Recorded information>
┄┄┄┄┄┄┄┄┄┄┄┄┄┄┄┄┄┄┄┄

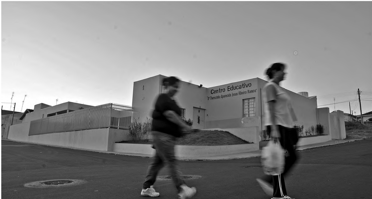
Com orçamento 32% maior, investimento da Assistência Social, como reforma de centros educativos, também devem crescer em 2011

Outra mudança no texto da lei é a redução de 25% para 10% do orçamento total no limite possível de dotações das diretorias. Essa dotação significa o remanejamento de recursos de cada diretoria, de acordo com a disponibilidade do orçamento e suas necessidades.
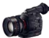
CINEMA EOS C500
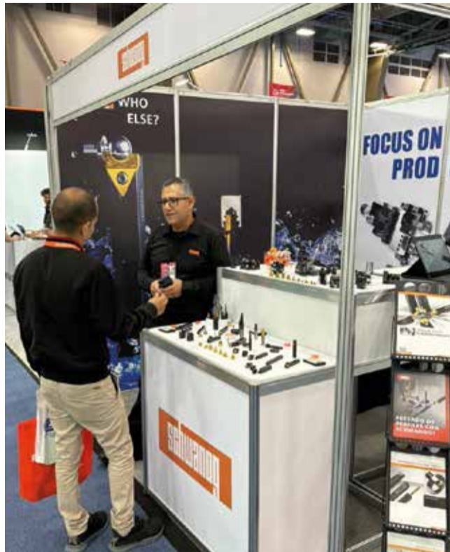
Expo Manufactura – Mexico

┄┄┄┄┄┄┄┄┄┄┄┄┄┄┄┄┄┄┄┄

If a line of the data contains "orçamento", it counts; report the number of such lines and nothing else.

2